JAKARTA, ARAHKITA.COM - Pengamat politik dari Madjid Politika Yandi Hermawandi mengatakan langkah politikus Golkar Rizal Mallarangeng yang frontal menolak posisi Jusuf Kalla dalam uji materi masa jabatan wakil presiden menjadi blunder bagi Ketua Umum Partai Golkar Airlangga Hartarto.

Menurut Yandi, sikap frontal itu bisa jadi akan menjadi kendala bagi Airlangga sebagai salah satu kandidat wakil presiden pendamping Jokowi dalam Pemilihan Presiden 2019.

"Manuver yang dilakukan Rizal sangat mungkin tidak disukai Jokowi karena dianggap kurang santun, apalagi sesama anggota Golkar," katanya kepada Antara, Rabu (25/7/2018).

Ia mengatakan, menguatnya kembali nama Jusuf Kalla memang mendatangkan kekhawatiran tersendiri bagi kalangan partai koalisi pendukung Jokowi khususnya bagi ketua umum partai, termasuk Ketua Umum Partai Golkar Airlangga Hartarto, dalam berebut posisi calon wakil presiden.

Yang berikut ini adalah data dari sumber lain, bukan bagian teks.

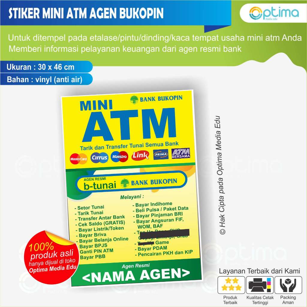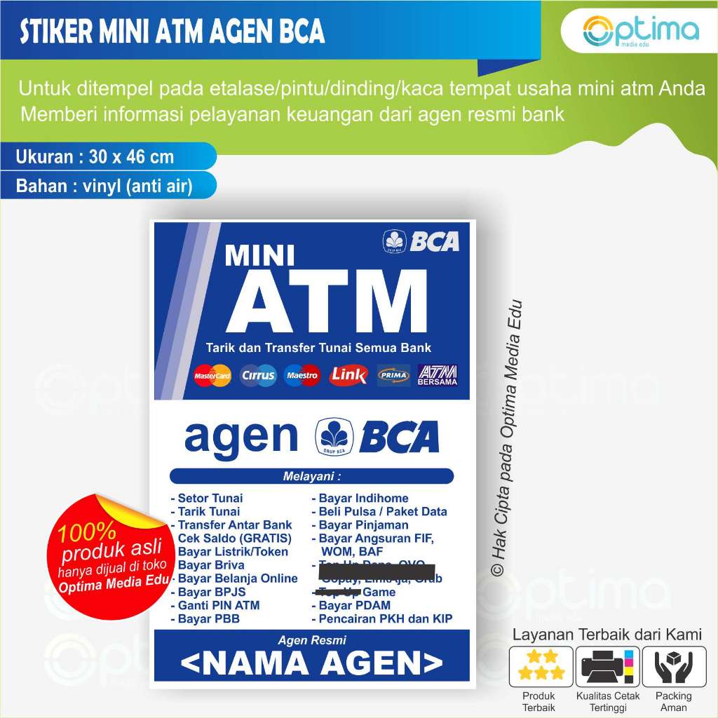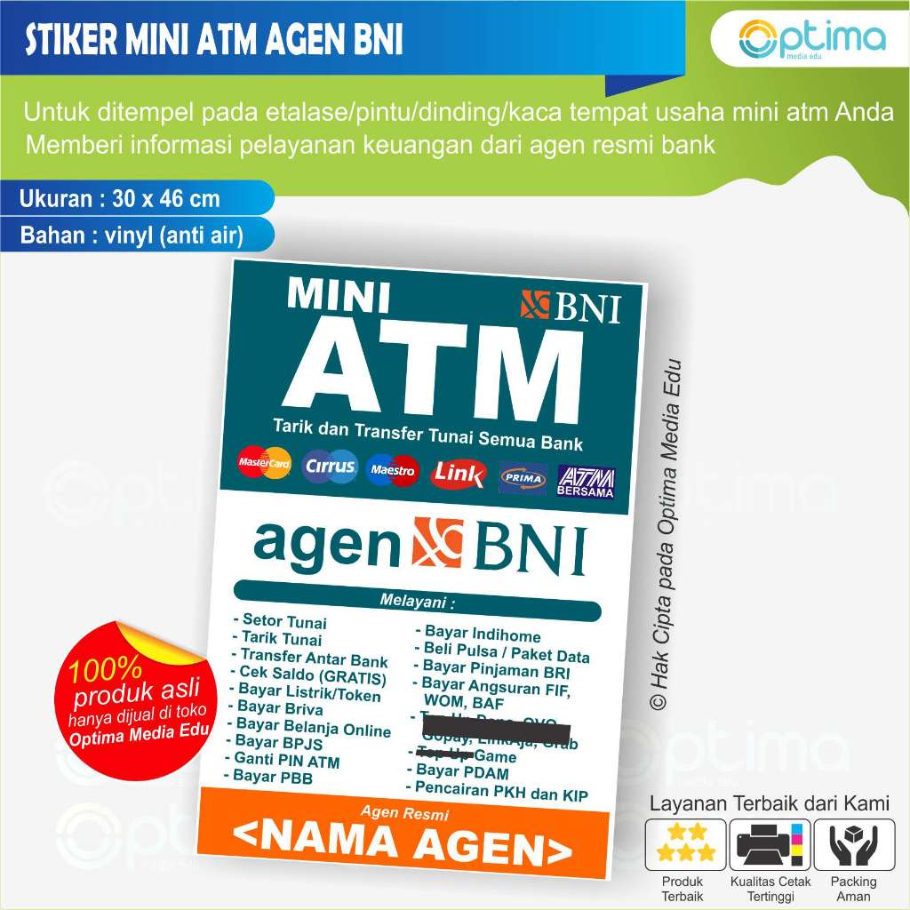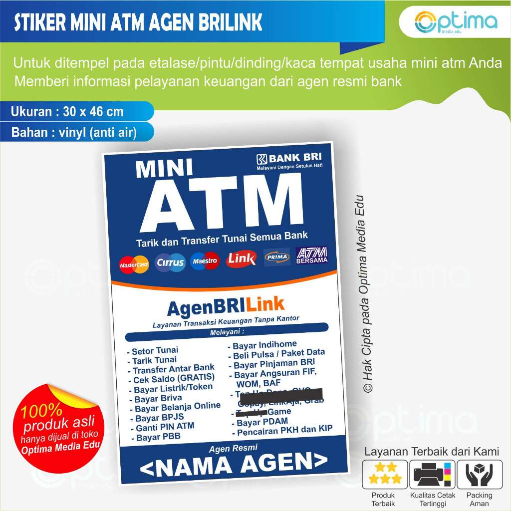 STIKER MINI ATM DAN AGEN BRILINK, AGEN BNI 46, MITRA MANDIRI, AGEN BUKOPIN, bca, bsi, lainnya

Apabila Mahkamah Konstitusi menerima gugatan uji materi terhadap Undang-Undang Nomor 7 Tahun 2017 tentang Pemilu maka JK memiliki peluang untuk dapat kembali bersanding dengan Jokowi.

Yandi menilai langkah Rizal Mallarangeng yang merupakan Wakil Koordinator Bidang Penggalangan Khusus DPP Partai Golkar menentang langsung posisi Jusuf Kalla dalam uji materi MK justru akan merugikan Airlangga.

"JK bukan lawan biasa bagi para ketua umum partai. Dengan pengalaman yang dimiliki, kemampuannya dalam berpolitik, khususnya kepiawaiannya di dalam membangun dialog dan andal di dalam mencari solusi masih dibutuhkan Jokowi," katanya.

JK juga dianggap paket lengkap. JK memiliki kedekatan dan diterima kalangan Islam, kedekatan dengan para pengusaha, dengan kalangan sipil dan memiliki pengalaman pemerintahan lebih dari 20 tahun, katanya. Menurut dia, sosok Airlangga belum dapat menandingi sosok JK, prestasi Airlangga sebagai menteri perindustrian belum dapat dibanggakan, hal ini tentu sangat berisiko bagi elektabilitas Jokowi.

Sebelumnya, relawan Golkar Jokowi (Gojo) yang dipimpin Rizal Mallarangeng dan elemen relawan Jokowi lainnya menggelar pernyataan pers bersama menolak uji materi atas Pasal 169 huruf n, UU No 7/2017 tentang Pemilu terkait syarat calon wakil presiden. Pasal 169 huruf n itu menyebutkan bahwa persyaratan menjadi calon presiden dan calon wapres adalah belum pernah menjabat sebagai presiden atau wapres selama dua kali masa jabatan dalam jabatan yang sama.